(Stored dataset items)
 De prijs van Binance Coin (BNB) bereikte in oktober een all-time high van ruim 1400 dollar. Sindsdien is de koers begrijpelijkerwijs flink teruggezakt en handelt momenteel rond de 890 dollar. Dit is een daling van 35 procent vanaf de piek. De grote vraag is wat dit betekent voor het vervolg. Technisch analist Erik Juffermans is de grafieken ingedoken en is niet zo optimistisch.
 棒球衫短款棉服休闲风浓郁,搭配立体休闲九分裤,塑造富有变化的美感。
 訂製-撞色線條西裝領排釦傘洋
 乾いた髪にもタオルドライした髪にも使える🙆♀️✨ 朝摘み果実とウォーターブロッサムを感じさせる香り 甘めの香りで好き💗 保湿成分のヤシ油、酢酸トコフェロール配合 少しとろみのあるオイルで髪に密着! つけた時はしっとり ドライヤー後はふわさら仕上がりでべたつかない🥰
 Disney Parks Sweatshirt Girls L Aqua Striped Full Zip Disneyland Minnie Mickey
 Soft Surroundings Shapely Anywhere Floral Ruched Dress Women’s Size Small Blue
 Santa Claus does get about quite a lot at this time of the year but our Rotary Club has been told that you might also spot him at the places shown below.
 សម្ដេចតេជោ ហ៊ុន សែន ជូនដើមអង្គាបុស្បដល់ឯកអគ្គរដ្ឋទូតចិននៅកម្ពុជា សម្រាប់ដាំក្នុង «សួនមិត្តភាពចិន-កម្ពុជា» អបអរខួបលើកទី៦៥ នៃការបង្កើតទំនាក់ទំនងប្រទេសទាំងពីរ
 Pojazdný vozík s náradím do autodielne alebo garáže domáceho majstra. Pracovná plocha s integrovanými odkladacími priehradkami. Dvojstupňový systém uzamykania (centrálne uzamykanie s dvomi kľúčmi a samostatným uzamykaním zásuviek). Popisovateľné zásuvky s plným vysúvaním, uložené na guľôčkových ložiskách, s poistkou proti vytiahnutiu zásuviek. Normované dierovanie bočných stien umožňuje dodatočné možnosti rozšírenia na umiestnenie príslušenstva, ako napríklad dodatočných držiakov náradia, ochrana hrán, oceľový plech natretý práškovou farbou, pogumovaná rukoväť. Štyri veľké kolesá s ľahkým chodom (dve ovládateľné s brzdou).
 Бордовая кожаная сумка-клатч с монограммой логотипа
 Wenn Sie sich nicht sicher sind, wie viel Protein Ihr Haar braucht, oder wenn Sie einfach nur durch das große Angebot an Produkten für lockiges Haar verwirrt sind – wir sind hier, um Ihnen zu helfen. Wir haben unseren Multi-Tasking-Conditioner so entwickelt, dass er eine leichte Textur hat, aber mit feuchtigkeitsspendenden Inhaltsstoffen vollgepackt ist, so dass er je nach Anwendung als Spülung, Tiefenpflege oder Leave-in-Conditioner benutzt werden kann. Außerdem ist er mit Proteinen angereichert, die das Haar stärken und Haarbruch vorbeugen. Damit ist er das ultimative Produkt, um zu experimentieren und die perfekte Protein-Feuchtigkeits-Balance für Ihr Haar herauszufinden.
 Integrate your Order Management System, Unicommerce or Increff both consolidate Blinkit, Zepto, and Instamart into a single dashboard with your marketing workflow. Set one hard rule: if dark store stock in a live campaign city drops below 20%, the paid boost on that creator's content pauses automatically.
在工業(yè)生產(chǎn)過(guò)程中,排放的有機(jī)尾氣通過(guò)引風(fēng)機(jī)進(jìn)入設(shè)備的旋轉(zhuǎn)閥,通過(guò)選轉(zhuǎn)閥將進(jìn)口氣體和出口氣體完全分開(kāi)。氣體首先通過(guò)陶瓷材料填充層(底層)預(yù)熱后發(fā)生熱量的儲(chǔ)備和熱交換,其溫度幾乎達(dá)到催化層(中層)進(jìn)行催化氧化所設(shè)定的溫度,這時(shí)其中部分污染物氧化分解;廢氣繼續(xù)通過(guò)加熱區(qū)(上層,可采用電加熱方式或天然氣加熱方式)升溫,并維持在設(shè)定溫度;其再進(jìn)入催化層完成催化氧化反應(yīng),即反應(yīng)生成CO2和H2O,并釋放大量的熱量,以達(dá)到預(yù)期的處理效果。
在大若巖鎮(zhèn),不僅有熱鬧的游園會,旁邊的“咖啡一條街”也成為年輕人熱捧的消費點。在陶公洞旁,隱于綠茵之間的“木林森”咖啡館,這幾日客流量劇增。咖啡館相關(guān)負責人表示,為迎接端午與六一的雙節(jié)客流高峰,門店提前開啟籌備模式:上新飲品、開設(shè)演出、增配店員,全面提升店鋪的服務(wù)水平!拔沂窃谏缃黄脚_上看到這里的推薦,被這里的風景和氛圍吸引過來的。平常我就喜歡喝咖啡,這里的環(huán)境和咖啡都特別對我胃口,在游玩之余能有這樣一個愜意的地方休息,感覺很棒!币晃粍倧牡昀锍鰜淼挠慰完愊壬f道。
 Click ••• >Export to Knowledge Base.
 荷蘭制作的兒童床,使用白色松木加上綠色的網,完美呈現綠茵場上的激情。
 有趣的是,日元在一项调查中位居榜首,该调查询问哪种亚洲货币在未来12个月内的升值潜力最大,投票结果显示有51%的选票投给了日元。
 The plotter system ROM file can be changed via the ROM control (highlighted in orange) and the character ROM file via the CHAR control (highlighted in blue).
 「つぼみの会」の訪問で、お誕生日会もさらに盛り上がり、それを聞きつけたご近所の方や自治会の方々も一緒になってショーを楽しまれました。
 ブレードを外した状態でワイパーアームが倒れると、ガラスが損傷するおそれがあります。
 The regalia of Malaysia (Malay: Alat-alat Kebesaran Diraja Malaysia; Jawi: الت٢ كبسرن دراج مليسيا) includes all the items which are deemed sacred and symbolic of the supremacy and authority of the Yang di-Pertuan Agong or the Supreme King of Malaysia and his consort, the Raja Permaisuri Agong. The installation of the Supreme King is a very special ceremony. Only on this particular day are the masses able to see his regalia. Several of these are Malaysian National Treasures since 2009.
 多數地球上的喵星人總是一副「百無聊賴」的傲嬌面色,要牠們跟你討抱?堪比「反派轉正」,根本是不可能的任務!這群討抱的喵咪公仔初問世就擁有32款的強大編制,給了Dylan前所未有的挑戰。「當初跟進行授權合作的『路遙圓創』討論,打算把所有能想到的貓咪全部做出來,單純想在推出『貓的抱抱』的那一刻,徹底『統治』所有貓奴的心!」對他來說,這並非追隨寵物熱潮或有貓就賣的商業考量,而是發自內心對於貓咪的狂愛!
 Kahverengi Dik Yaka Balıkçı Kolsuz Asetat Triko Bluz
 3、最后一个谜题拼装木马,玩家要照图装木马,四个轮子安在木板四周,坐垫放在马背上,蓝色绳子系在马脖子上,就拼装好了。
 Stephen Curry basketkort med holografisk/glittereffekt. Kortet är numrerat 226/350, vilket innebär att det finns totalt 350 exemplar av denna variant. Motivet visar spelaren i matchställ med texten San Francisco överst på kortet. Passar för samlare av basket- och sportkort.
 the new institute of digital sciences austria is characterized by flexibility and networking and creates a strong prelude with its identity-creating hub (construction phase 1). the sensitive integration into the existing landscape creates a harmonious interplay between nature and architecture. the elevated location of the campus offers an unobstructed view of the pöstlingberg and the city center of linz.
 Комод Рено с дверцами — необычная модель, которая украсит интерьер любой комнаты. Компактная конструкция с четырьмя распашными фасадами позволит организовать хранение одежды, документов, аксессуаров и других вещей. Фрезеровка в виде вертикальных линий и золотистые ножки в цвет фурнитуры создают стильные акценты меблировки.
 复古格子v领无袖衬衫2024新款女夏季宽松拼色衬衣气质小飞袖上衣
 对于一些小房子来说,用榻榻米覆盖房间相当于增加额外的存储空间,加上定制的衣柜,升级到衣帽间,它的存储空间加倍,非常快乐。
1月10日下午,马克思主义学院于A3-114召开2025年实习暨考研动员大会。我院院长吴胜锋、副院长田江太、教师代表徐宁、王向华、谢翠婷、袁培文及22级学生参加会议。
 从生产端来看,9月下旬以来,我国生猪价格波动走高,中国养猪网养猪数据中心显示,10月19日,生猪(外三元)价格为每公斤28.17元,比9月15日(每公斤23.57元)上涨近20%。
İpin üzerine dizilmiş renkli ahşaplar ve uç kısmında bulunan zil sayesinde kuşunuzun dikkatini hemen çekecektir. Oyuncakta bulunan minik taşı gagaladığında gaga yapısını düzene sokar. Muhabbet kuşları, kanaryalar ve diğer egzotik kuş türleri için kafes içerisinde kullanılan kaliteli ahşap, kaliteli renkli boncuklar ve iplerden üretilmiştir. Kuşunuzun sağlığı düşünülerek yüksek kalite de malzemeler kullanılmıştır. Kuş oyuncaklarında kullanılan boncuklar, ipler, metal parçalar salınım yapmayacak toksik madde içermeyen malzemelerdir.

## ACTIVITY
Please return only the lines above, starting at the line that has "The regalia of" and ending at the line that has "Комод Рено с", keeping both and leaving each one unchanged.

## OUTPUT OF THE EXERCISE
 The regalia of Malaysia (Malay: Alat-alat Kebesaran Diraja Malaysia; Jawi: الت٢ كبسرن دراج مليسيا) includes all the items which are deemed sacred and symbolic of the supremacy and authority of the Yang di-Pertuan Agong or the Supreme King of Malaysia and his consort, the Raja Permaisuri Agong. The installation of the Supreme King is a very special ceremony. Only on this particular day are the masses able to see his regalia. Several of these are Malaysian National Treasures since 2009.
 多數地球上的喵星人總是一副「百無聊賴」的傲嬌面色,要牠們跟你討抱?堪比「反派轉正」,根本是不可能的任務!這群討抱的喵咪公仔初問世就擁有32款的強大編制,給了Dylan前所未有的挑戰。「當初跟進行授權合作的『路遙圓創』討論,打算把所有能想到的貓咪全部做出來,單純想在推出『貓的抱抱』的那一刻,徹底『統治』所有貓奴的心!」對他來說,這並非追隨寵物熱潮或有貓就賣的商業考量,而是發自內心對於貓咪的狂愛!
 Kahverengi Dik Yaka Balıkçı Kolsuz Asetat Triko Bluz
 3、最后一个谜题拼装木马,玩家要照图装木马,四个轮子安在木板四周,坐垫放在马背上,蓝色绳子系在马脖子上,就拼装好了。
 Stephen Curry basketkort med holografisk/glittereffekt. Kortet är numrerat 226/350, vilket innebär att det finns totalt 350 exemplar av denna variant. Motivet visar spelaren i matchställ med texten San Francisco överst på kortet. Passar för samlare av basket- och sportkort.
 the new institute of digital sciences austria is characterized by flexibility and networking and creates a strong prelude with its identity-creating hub (construction phase 1). the sensitive integration into the existing landscape creates a harmonious interplay between nature and architecture. the elevated location of the campus offers an unobstructed view of the pöstlingberg and the city center of linz.
 Комод Рено с дверцами — необычная модель, которая украсит интерьер любой комнаты. Компактная конструкция с четырьмя распашными фасадами позволит организовать хранение одежды, документов, аксессуаров и других вещей. Фрезеровка в виде вертикальных линий и золотистые ножки в цвет фурнитуры создают стильные акценты меблировки.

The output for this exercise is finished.